Saturday, October 28, 2017

Understanding the Koch Brothers-Mike Pence Alliance



During an interview with The Nation, Jane Mayer, author of Dark Money: The Hidden History of the Billionaires Behind the Rise of the Radical Right, explained:
It’s a curious story, because the Kochs are not religious. They don’t care about social conservatism. They call themselves libertarians. They certainly are not aligned with Pence on these moral issues, on his hatred of abortion. What do they have in common? It turns out that in 2009
Mike Pence started doing favors for the Kochs. They were tremendously powerful, but they were really worried that some legislation was going to pass that would tax carbon emissions. The Kochs have a huge fossil-fuel company and it would have hurt their bottom line tremendously.

Mike Pence took up their cause. He campaigned, he pushed and wheedled, and he took a pledge that the Koch organization had created and he got many of his colleagues in the House to sign onto it, saying they would pass no legislation to stop global warming that would require spending a cent of government money. He succeeded in killing the legislation, and from there on out, in aligning the Republican party against doing anything about climate change, unlike almost any other political organization in the world. To be fair, Pence opposed doing anything on global warming also for his own ideological reasons—he had doubted the reality of climate change before the Koch pledge. But Koch Industries has rewarded him ever since.
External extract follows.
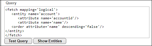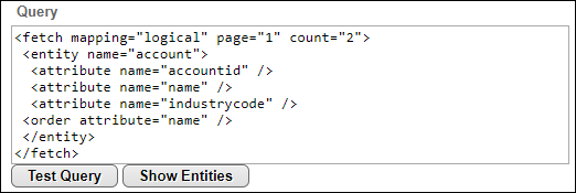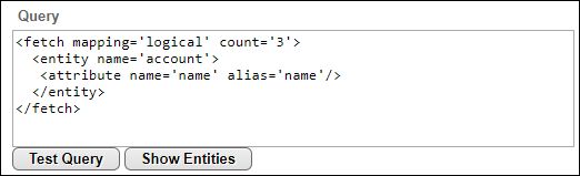 - Fill in the Query box using the FetchXML query language. You can create the FetchXML query in two ways:
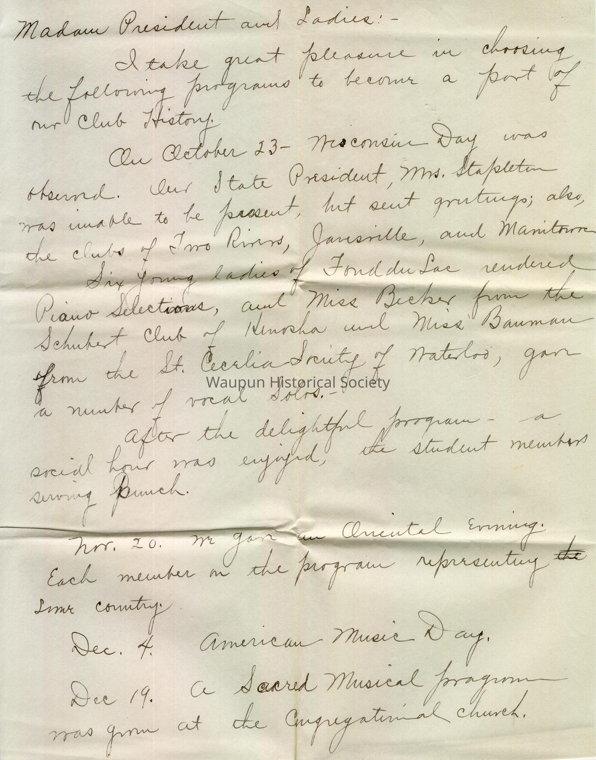 Philharmonic Music Club of Waupun, Wisconsin, Historian's Report, April 9, 1917.

That’s when they began to push him to run for president.

2 comments:

  1. Yes, the Kochs can support someone they don't 100% agree with.

    I think this is the lesson we libertarians are trying to learn.

    The Kochs care more about their tax burden than about their Jesus burden, so they support Pence.

    Am I missing something?

    ReplyDelete
    Replies
    1. The Koch brothers never assumed any Jesus burden is the implication this post gives.